Let $(a_n)_{n\in\mathbb{N}}, (e_n)_{n\in\mathbb{N}}, (p_n)_{n\in\mathbb{N}}, (r_n)_{n\in\mathbb{N}}$ be nonnegative sequences in $\mathbb{R}$ with $(a_n)_{n\in\mathbb{N}}\in\ell^1$, $(e_n)_{n\in\mathbb{N}}\in\ell^1$, and $(p_n)_{n\in\mathbb{N}}$ a convergent sequence. Furthermore, assume that $(1-a_n)p_{n+1}-p_n+r_n\leq e_n$ holds for all $n$. I want to show that $(r_n)_{n\in\mathbb{N}}\in\ell^1$. Here is my attempt at a proof:
$\sum\limits_{n\in\mathbb{N}} |r_n| = \sum\limits_{n\in\mathbb{N}} r_n \leq \sum\limits_{n\in\mathbb{N}}e_n+p_n+(a_n-1)p_{n+1}=\sum\limits_{n\in\mathbb{N}}e_n +\sum\limits_{n\in\mathbb{N}}(p_n-p_{n+1}) +\sum\limits_{n\in\mathbb{N}}a_np_n$.

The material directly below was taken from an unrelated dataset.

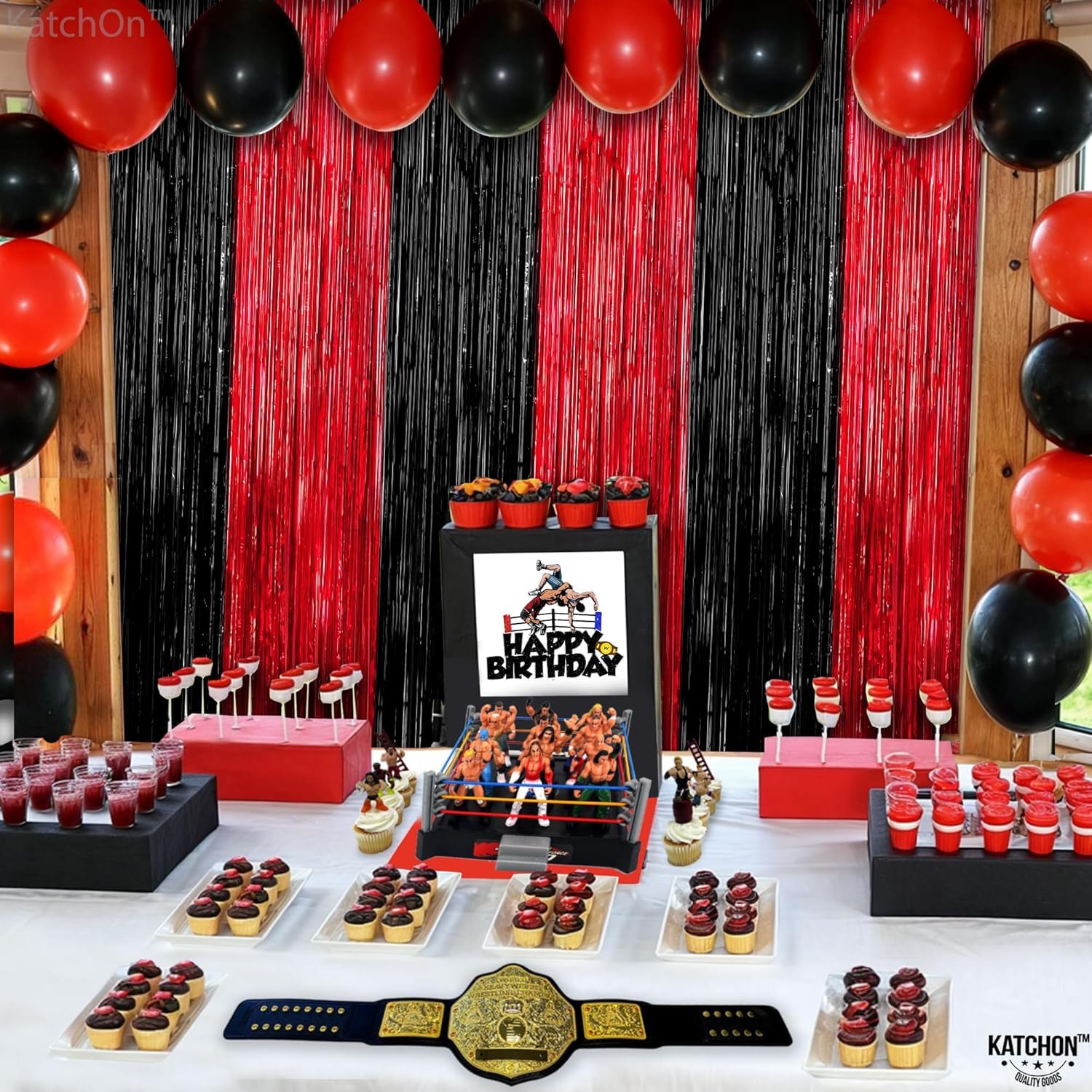 MULTIPURPOSE USES: Get creative by pairing this red and black foil fringe curtain with black and white streamers or red and pink streamers. Match with red and black balloons, black shimmer wall backdrop, or foil backdrop for movie night decorations. Perfect for boxing party decorations, black and red backdrop for stage, prom decorations 2025. Also complements black foil fringe curtain, gold and black streamers, and red carpet theme party decorations. Powered by BRND.ME.

Since $(p_n)_{n\in\mathbb{N}}$ converges, it is bounded above by some $M\in \mathbb{R}$. Using this we can write,
$\sum\limits_{n\in\mathbb{N}}e_n +p_1-\lim\limits_{n\rightarrow\infty}p_n +\sum\limits_{n\in\mathbb{N}}a_np_n\leq \sum\limits_{n\in\mathbb{N}}e_n +p_1-\lim\limits_{n\rightarrow\infty}p_n +M\sum\limits_{n\in\mathbb{N}}a_n<\infty$.

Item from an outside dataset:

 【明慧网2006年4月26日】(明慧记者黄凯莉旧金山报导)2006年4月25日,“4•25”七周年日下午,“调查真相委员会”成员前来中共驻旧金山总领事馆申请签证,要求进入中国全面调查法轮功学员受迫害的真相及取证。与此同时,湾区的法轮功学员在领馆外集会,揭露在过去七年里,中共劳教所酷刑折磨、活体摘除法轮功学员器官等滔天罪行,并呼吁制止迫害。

The sum $\sum\limits_{n\in\mathbb{N}}e_n$ is finite as $(e_n)_{n\in\mathbb{N}}$ is nonnegative in $\ell^1$ and similarly for the sum $\sum\limits_{n\in\mathbb{N}}a_n$. Thus $(r_n)_{n\in\mathbb{N}}\in\ell^1$.
Is this sufficient?